肌は薄くなり萎縮して血管が見える。
キメが粗く乾燥している。
色は薄暗く肥厚しているところもある。
多くはないが細かい落屑もある。
「痒みはまだありますが、以前より良くなりました。アトピーは子供のころからで良いときもありましたが、20代からまた悪化しました。今はひどい時と比べ、赤み・熱感・出血・滲出液が落ち着いています。」
「夜間の痒みはどうですか?」
「日中は良くなりましたが、夜中の痒みはまだ強いです。」
脈を診ると身体の中の津液(水)が不足し、陰虚(水不足)による燥風(乾燥と痒み)が起こっている。
血虚(血の不足)の期間が長すぎて、血だけでなく水も不足しているのだ。
「実は先日病院で診てもらったら、ステロイドの副作用だと言われました。でもステロイド剤は子供のときと20代の一時期使っただけで、もう10年以上使っていません。」
ステロイド剤を長く使えば、ステロイド皮膚症になることがある。
しかし使わなくても同じ症状が起こる。
それがこの方の陰虚燥風によるアトピー性皮膚炎である。
ステロイド剤は津液(水)を消耗し陰虚を起こす代表的な薬だが、ステロイド剤を使わなくても身体の質や生活・飲食の問題で陰虚になる。
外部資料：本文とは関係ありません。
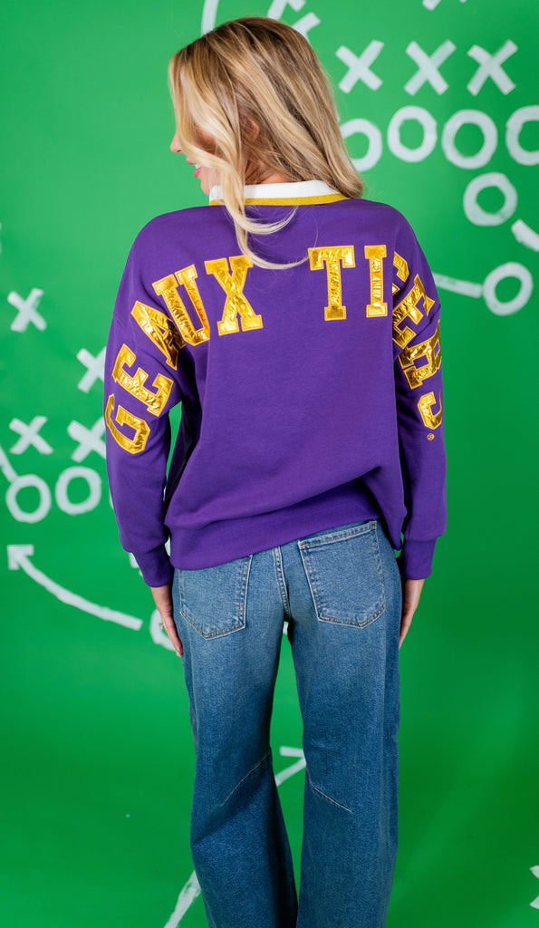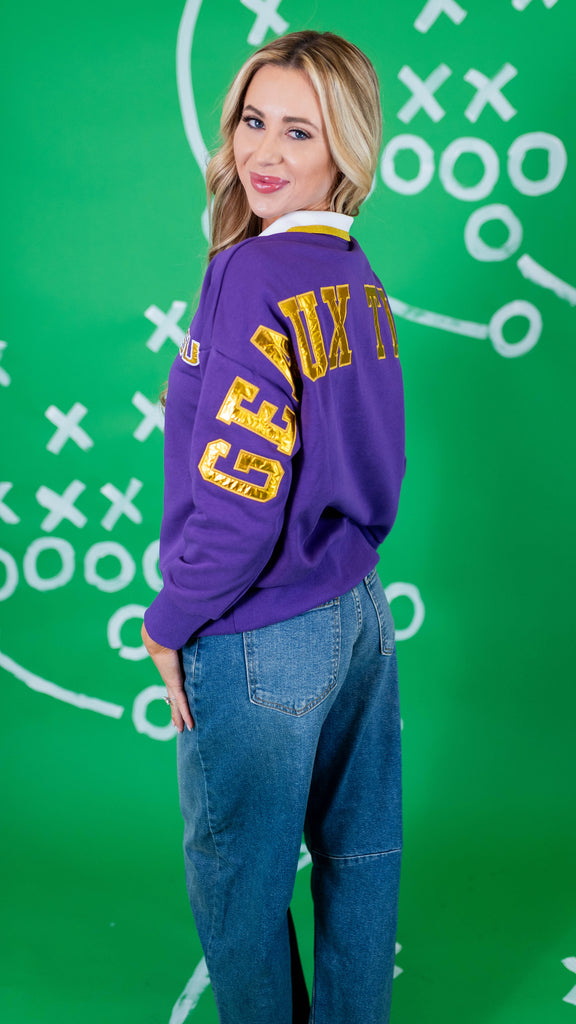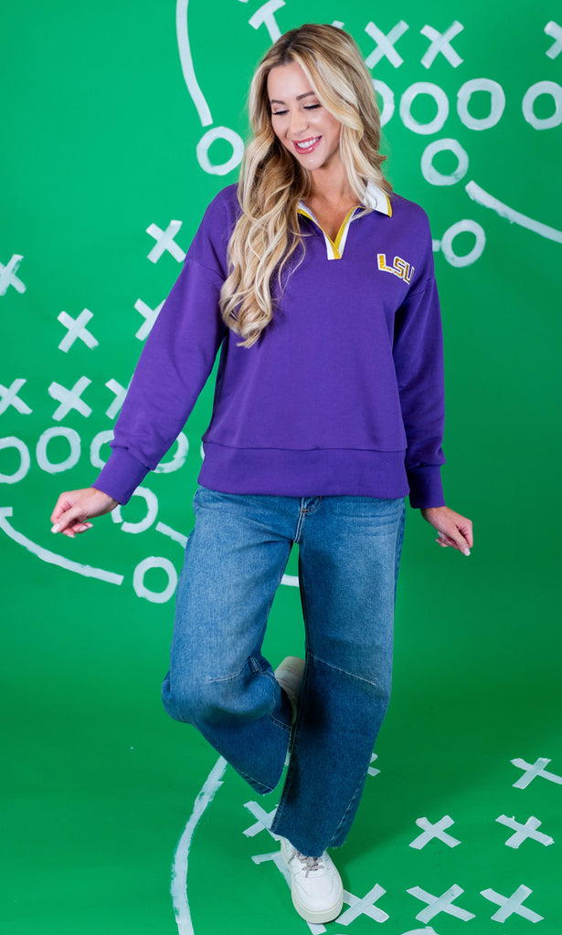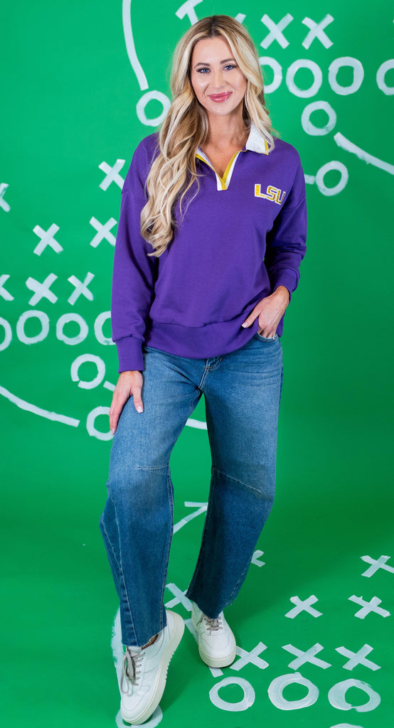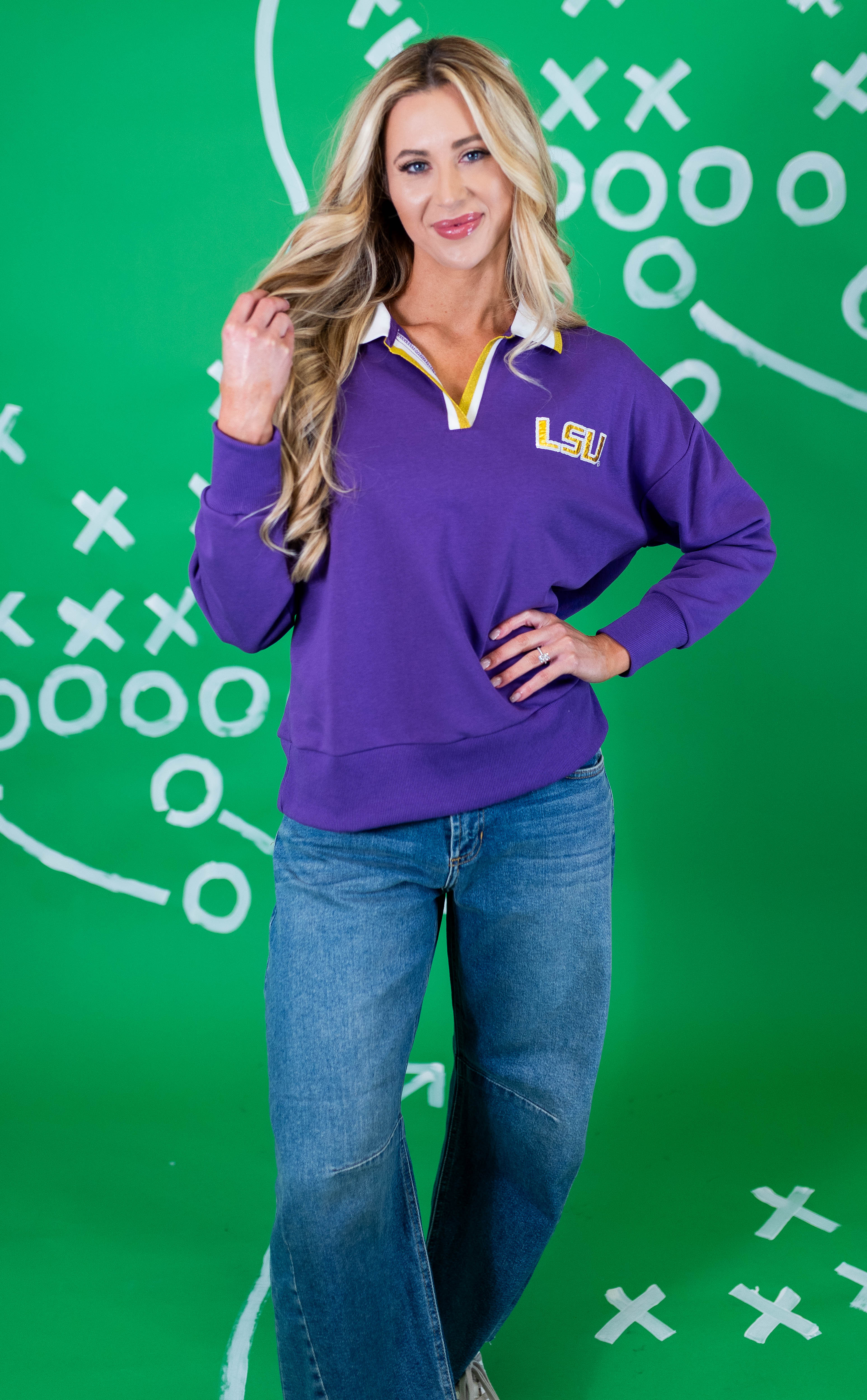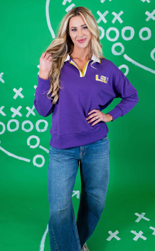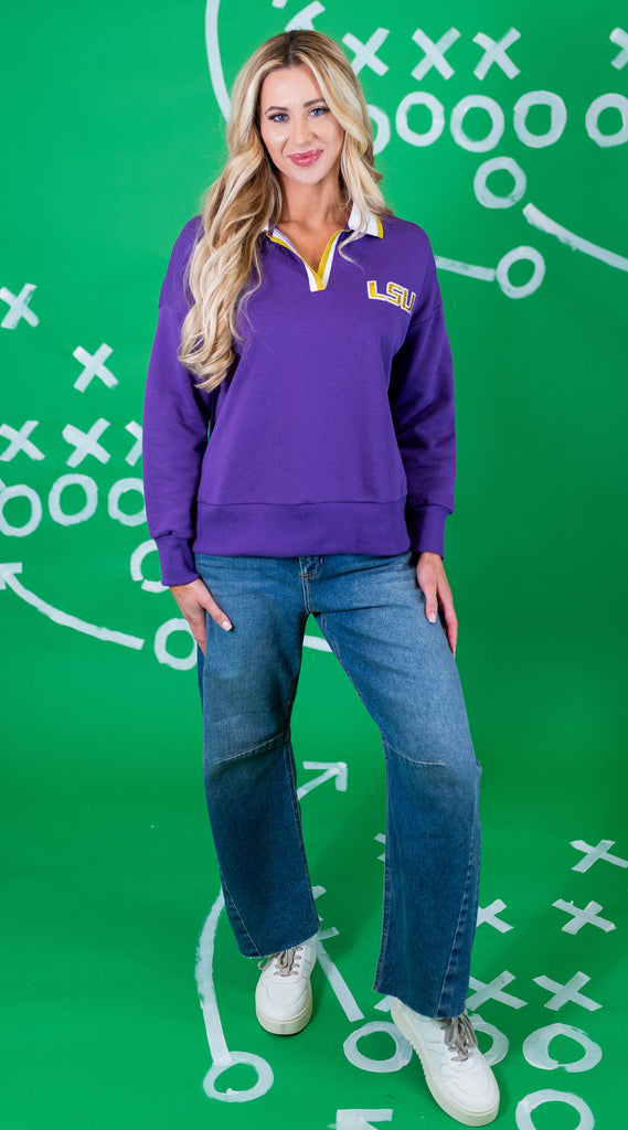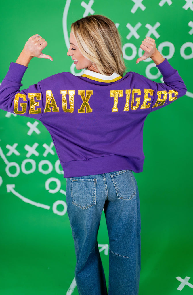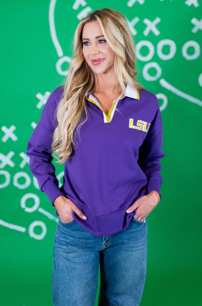 Show your Tigers pride in comfort and style with the Brianna Cannon LSU Club Sweatshirt. Featuring the iconic LSU logo prominently on the front and the spirited "Geaux Tiger" across the back, this sweatshirt lets you cheer on your team wherever you go. Perfect for chilly game days or casual wear, it combines bold design with cozy fabric to keep you warm and connected to your LSU roots. Elevate your fan gear and celebrate your loyalty in authentic colors and standout style.

病院で癌の治療をしている方も診ているが、ステロイド剤に限らずとても強い薬や治療法は陰虚を起こす。
原因が違っても、陰虚になれば似た症状が現れる。
薬の種類によって気血両虚や血オなどいろいろな副作用が起こるので、薬の特徴を東洋医学的に知っておく必要がある。
「症状は落ち着いてきているように見えますが、乾燥するアトピーとしては最も進んだ状態です。」
「えっ?」
「身体の中の液体が枯渇して、肌は弾力を失い薄くなっています。この状態では、ちょっと何かに触れただけでも肌が傷ついてしまいます。」
「そうなんです。でも見た目が以前より落ち着いてきたので、良くなっていると思っていました。」
「はじめは水を増やし、次に血を増やすように生活してください。治療も水と血を増やし、それを維持できるように行ないます。」
陰虚燥風とその治療と養生を詳しく説明する。
「最も進んでいると聞いてびっくりしましたが、私の肌の状態がよく理解できました。それと何をすれば良いか分かったので続けてみます。」
この方の場合は、ステロイド剤を長期間使っていないので例外であるが、実際にステロイド剤を使っていてステロイド皮膚症と診断されても、本当にステロイド剤が原因なのか、身体の質や生活・飲食の問題でなったのか、両方が重なっているのか見極めが必要である。
ステロイド剤が原因でなければ、ステロイドをやめてもただ苦しい状態が続き、心身ともに疲れ果てまたステロイド剤を使うことになる。
再度使うことになった時の気持ちは、非常に複雑でつらいものだ。
脱ステロイドを行なってどうにもならなくなった方を何人も診ていると、簡単にステロイド皮膚症や脱ステロイドと言ってはいけないと強く感じる。
またもともとの体質が陰虚の人は、ステロイド剤の副作用が現れやすいので、とにかくしっかりとした診断が必要である。
それにしてもステロイド剤を使っていないのに、ステロイド皮膚症と診断されたら、治療はどのようにするのだろうか。